The practice of indexing information on web sites using a computer or automated script is referred to as crawling. A crawler, spider, spider bot, or similar automated software is referred to by various names, including web crawler, spider, and spider bot. The website's robot.txt file is downloaded by web crawlers as they start their crawling operation. Sitemaps for URLs that the search engine may crawl are included in the file. As soon as web crawlers begin to explore a webpage, they find new pages by following links. In order to explore these newly found URLs at a later time, these crawlers add URLs to the crawl queue. Web crawlers are now able to search and index any page that is related to others thanks to these new approaches.
From a huge asset on the web, almost all of them are not relevant to target domain.

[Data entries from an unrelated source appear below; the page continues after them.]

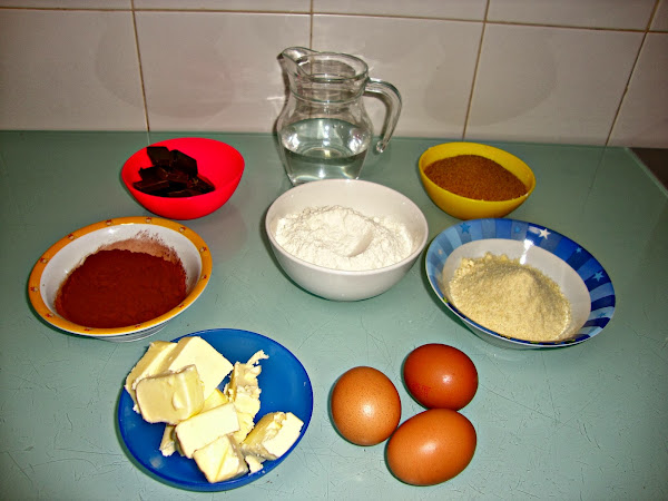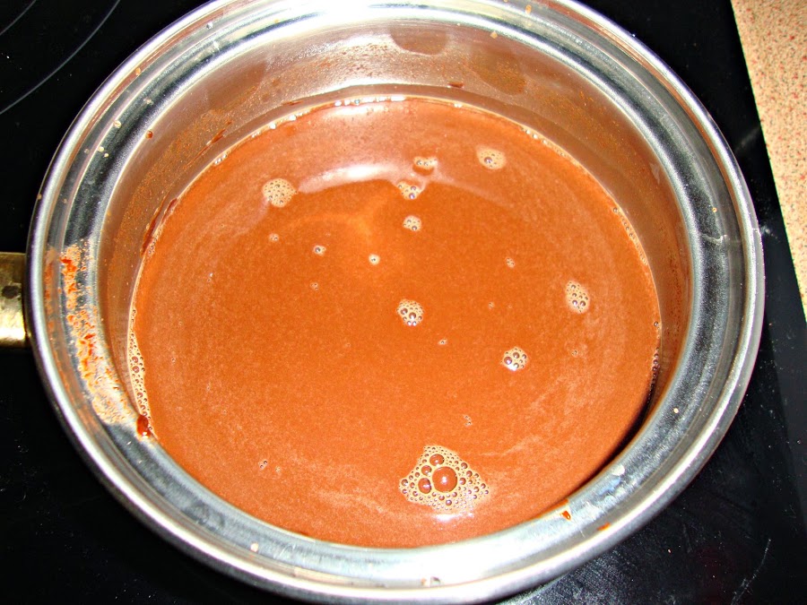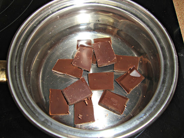 En un cazo se pone el chocolate troceado con el agua y se mezcla hasta que se disuelva todo el chocolate y luego se reserva.
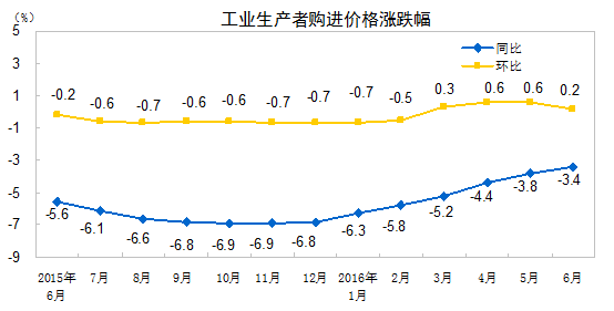 工业生产者购进价格中,燃料动力类价格同比下降7.2%,有色金属材料及电线类价格下降5.7%,化工原料类价格下降4.2%,黑色金属材料类价格下降4.1%,建筑材料及非金属类价格下降3.2%。
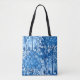 Tote bag in an Illustration based on Walter Crane's 'Macaw' pattern for William Morris studios. A macaw / wild parrot in an exotic jungle setting - digitally enhanced and coloured in indigo blue and white

For that reason, Focused Web Crawlers (FWC) are highly preferable for retrieving websites. The FWC depends on methods like ML (classification) for identifying appropriate web pages, including local database . These models are feature based, modelling an input region of interest for classifying appropriate web pages. When the websites are classified effectively, their URL is queued and extracted by the frontier model. In few FWC methods [6,7], the classification model depends on the document similarity measures for filtering related and non-related web pages. But such methods do not consider the expressiveness of web page contents, i.e., they do not explore their semantic contents or utilize the data in the filter procedure . And it is the beginning for iteratively extracting the URLs. Specifically, FWC analysis the content of seed URLs for determining the significance of their content for a region of interest. This content analysis depends on the methods such as machine learning, query expansion, ontology-based approach [9,10]. Few methods need a primary dataset for creating a module (ML methods) or a group of keywords for producing certain domain queries (query extension).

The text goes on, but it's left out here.